STORED DATA:
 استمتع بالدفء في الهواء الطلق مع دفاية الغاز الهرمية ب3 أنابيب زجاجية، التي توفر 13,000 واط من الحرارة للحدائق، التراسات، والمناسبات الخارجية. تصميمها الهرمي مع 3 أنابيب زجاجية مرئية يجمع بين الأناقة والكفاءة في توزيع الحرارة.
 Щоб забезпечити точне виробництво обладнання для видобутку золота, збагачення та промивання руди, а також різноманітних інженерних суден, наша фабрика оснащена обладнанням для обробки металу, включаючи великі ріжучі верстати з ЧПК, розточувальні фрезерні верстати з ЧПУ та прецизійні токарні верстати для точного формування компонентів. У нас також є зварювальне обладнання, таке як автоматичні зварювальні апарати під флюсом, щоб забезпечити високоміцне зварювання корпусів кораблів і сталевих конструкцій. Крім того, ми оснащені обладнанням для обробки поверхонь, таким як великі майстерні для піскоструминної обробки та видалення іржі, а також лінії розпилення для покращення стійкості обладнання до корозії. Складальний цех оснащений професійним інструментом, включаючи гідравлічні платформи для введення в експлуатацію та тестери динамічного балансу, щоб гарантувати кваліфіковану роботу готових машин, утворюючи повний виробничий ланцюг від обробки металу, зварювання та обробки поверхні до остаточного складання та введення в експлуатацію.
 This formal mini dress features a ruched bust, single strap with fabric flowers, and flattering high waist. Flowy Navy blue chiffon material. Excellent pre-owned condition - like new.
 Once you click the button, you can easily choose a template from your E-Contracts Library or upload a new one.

==

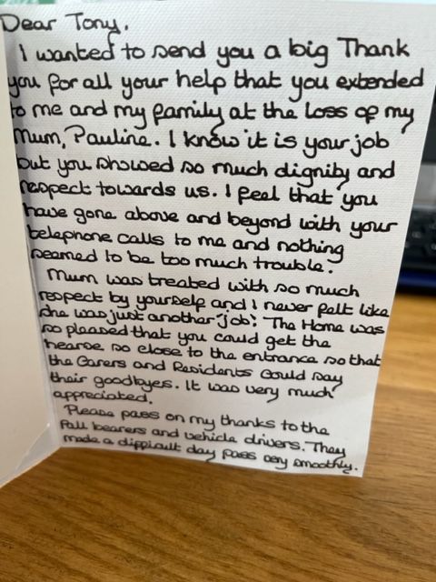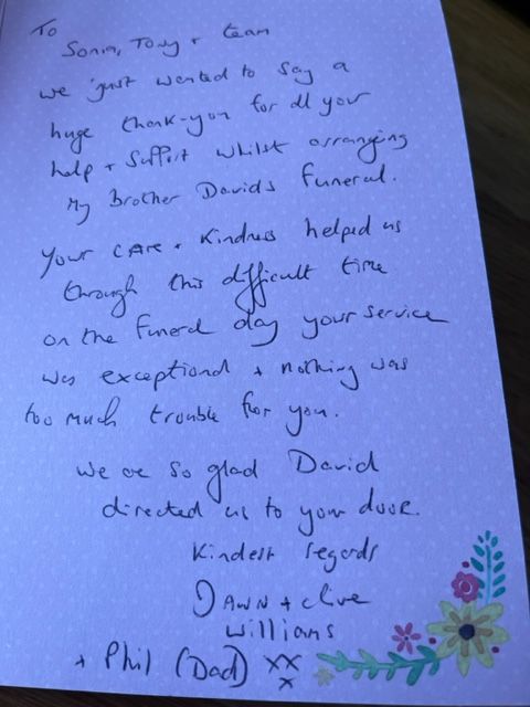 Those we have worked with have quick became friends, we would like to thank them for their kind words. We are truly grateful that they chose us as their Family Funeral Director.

AIM OF THE EXERCISE: Within the data above, the span starting at the line containing "This formal mini" and ending at the line containing "Once you click" is to be retyped exactly, with no other lines.

SOLUTION BELOW:
 This formal mini dress features a ruched bust, single strap with fabric flowers, and flattering high waist. Flowy Navy blue chiffon material. Excellent pre-owned condition - like new.
 Once you click the button, you can easily choose a template from your E-Contracts Library or upload a new one.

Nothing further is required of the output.